Your instructions: Two lines in the data below mark the range: the one with "- THD+N ≤ 0.02% 测试条件 1W, 1kHz,4Ω, PVDD=32V" and the one with "2本のアームラインが清楚かつ". Return both, along with every line between them, exactly.

Material for this exercise:
-*-
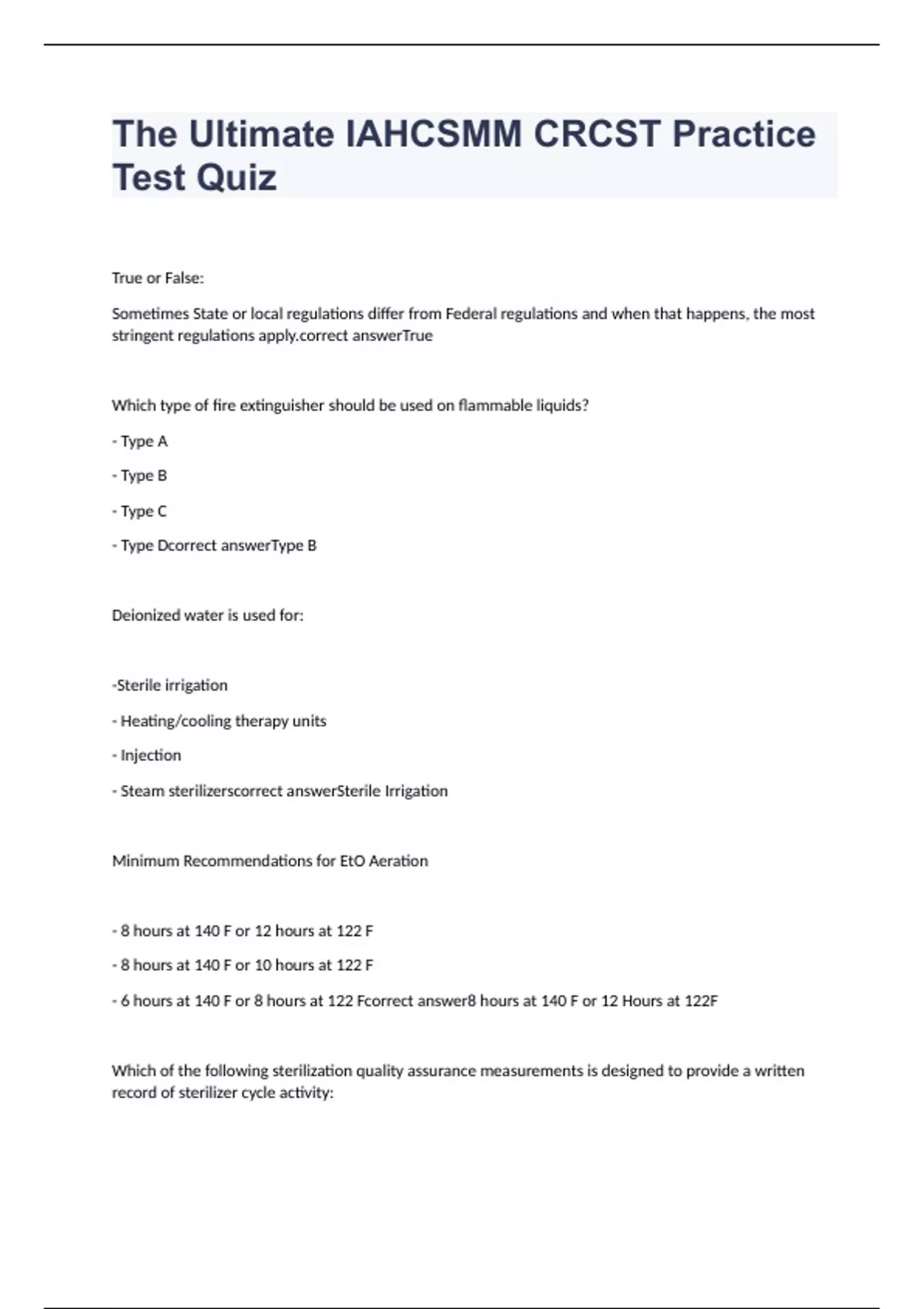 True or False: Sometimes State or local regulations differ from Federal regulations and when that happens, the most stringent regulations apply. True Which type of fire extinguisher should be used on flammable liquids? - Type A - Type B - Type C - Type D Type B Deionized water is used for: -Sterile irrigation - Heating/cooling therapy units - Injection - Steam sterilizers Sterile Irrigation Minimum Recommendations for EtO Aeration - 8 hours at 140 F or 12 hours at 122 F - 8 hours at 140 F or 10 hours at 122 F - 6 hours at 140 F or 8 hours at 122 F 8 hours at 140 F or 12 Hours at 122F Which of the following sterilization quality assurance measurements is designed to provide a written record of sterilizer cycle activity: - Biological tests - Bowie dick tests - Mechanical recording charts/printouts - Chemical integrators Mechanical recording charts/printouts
-*-
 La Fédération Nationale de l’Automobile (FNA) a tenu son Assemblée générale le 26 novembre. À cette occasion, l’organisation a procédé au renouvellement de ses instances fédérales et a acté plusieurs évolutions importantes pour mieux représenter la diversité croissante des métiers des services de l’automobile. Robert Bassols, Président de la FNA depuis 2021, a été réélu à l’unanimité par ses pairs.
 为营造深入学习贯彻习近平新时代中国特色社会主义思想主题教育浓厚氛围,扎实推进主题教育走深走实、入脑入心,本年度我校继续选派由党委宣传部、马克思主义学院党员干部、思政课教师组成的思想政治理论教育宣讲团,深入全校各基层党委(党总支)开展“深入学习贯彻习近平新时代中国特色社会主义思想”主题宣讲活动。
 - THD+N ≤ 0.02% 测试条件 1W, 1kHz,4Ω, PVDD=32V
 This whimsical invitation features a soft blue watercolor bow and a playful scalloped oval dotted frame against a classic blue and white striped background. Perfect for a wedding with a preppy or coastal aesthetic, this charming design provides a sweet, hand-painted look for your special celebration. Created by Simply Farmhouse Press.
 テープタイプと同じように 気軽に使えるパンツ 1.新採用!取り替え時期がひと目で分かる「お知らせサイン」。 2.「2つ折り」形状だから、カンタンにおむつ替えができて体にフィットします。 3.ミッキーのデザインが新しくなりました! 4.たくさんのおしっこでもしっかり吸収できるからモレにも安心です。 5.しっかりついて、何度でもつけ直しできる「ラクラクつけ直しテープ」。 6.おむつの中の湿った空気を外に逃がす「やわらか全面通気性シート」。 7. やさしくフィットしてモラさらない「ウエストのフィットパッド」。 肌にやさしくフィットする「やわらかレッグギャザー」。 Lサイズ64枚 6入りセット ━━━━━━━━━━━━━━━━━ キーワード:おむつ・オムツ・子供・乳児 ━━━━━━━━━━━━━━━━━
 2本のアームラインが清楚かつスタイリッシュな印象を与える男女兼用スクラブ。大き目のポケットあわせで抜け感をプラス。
-*-
Solved exercise:
 - THD+N ≤ 0.02% 测试条件 1W, 1kHz,4Ω, PVDD=32V
 This whimsical invitation features a soft blue watercolor bow and a playful scalloped oval dotted frame against a classic blue and white striped background. Perfect for a wedding with a preppy or coastal aesthetic, this charming design provides a sweet, hand-painted look for your special celebration. Created by Simply Farmhouse Press.
 テープタイプと同じように 気軽に使えるパンツ 1.新採用!取り替え時期がひと目で分かる「お知らせサイン」。 2.「2つ折り」形状だから、カンタンにおむつ替えができて体にフィットします。 3.ミッキーのデザインが新しくなりました! 4.たくさんのおしっこでもしっかり吸収できるからモレにも安心です。 5.しっかりついて、何度でもつけ直しできる「ラクラクつけ直しテープ」。 6.おむつの中の湿った空気を外に逃がす「やわらか全面通気性シート」。 7. やさしくフィットしてモラさらない「ウエストのフィットパッド」。 肌にやさしくフィットする「やわらかレッグギャザー」。 Lサイズ64枚 6入りセット ━━━━━━━━━━━━━━━━━ キーワード:おむつ・オムツ・子供・乳児 ━━━━━━━━━━━━━━━━━
 2本のアームラインが清楚かつスタイリッシュな印象を与える男女兼用スクラブ。大き目のポケットあわせで抜け感をプラス。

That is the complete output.